How To Measure the Specific Gravity of a Battery?

A fully charged battery is a helpful and prominent helper for your car. In this article, I will discuss how to Measure the Specific Gravity of a Battery?

Measure the Specific Gravity of a Battery
Measuring the Specific Gravity with Hydrometer


Measure the Specific Gravity of a Battery

The specific gravity is the most critical parameter, that needs to be checked and maintained for the good health of the battery. The measuring unit is the density of electrolytes present in the battery compared to the density of water. 
When the battery is fully charged the specific gravity will be at a higher point and when the battery is discharged the specific gravity will fall down. To measure the specific gravity of a battery the Hydrometer is used. 
A Hydrometer is a simple device that works on the principle of buoyancy. As the density of the electrolyte changes with the state of charge, the hydrometer float will further sink deeper or rise higher. Thus it indicates the specific gravity. First, we need to know what is specific gravity and how the hydrometer measures it?

What is Specific Gravity?

The electrolyte in a fully charged battery is usually 1.23 times as heavy as an equal volume of pure water when both liquids are at the same temperature. The battery electrolyte would, therefore be described as having a specific gravity of 1.230 meaning that its weight is 1.230 times the weight of pure water. 
When the battery discharges the Sulphuric acid in the electrolyte combines with the plates and the remaining electrolyte becomes lighter in weight. By determining the relative weight of the electrolyte we can tell how much acid has combined with the plates and, therefore, estimate how much electrical energy is still left in the battery. However the actual weighting of the electrolyte would be inconvenient, so an instrument called the Hydrometer is used. 

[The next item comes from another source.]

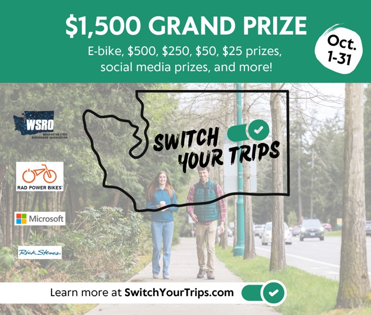 Complete and log at least ten trips during October and you will be automatically entered in a drawing for the chance to win some amazing prizes—modes include carpool, vanpool, bus, train, light rail, foot ferry, bicycle, walking, rolling, skateboarding., or a combination of all modes.

Temperature Effect on Specific Gravity

The specific gravity of the electrolytes carries with temperature. It decreases with the increase in temperature. Thus, the specific gravity is always mentioned in the specific standard temperature, which is usually 15 degrees Celsius. If the reading is taken at a different temperature, it is correct for 15 degrees Celsius. Usually, 18 points are added for every 25^0 C excesses of temperature above 15^0 C, and the same number is subtracted for every 25^0C reduction of temperature below 15^0C.
For example, if the specific gravity at 40^0C is 1.230, the corrected reading at 15^0C would be-
Temperatures effect on Specific Gravity

The freezing point of the electrolyte is affected by its specific gravity. It decreases with the increase of specific gravity. For a fully charged battery, the freezing point of electrolyte is much lower as compared with a completely discharged battery. 

How the Hydrometer Measure the Specific Gravity?

It consists of a glass barrel and bulb syringe for sucking up a sample of the electrolyte to float an enclosed glass hydrometer calibrated to read in terms of specific gravity. The depth to which the float sinks in the liquid indicates the relative weight of the liquid compared to water and gives us a measure of the specific gravity of the liquid. 
The hydrometer floats low in the liquid if the specific gravity is low and it floats high in the liquid if the specific gravity is high. The float is made of glass and is equipped with a paper scale built inside the hydrometer with marks on it which must be read on a level even with the liquid surface and this reading indicates the specific gravity of the liquid. 

Hydrometer Readings

Hydrometer Readings


The correct method for reading the hydrometer is shown in Fig. The eye should be on a level with the surface of the liquid in the hydrometer barrel. She discharged the curvature of the liquid where the surface rises against the float stem and the barrel due to the surface tension. Keep the float vertical.
Hydrometer readings should never be taken immediately after water has been added. The water should be thoroughly mixed with the underlying electrolyte by charging before hydrometer values are reliable. In reading a hydrometer, the barrel must be held vertically, and just the right amount of acid be drawn up into the barrel with the bulb fully expanded to lift the float freely so that it touches neither the side nor the top-notch bottom stoppers of the barrel.

Ending This Up With

The hydrometer barrel and float systems must be kept clean with soap and water, so that the float will not stick to the sides. The float must be inspected occasionally for cracks that would allow acid to enter the airtight float and make any reading with it unreliable. If the paper scale inside the float is wet, it is an indication that the float leaks, and should not be used.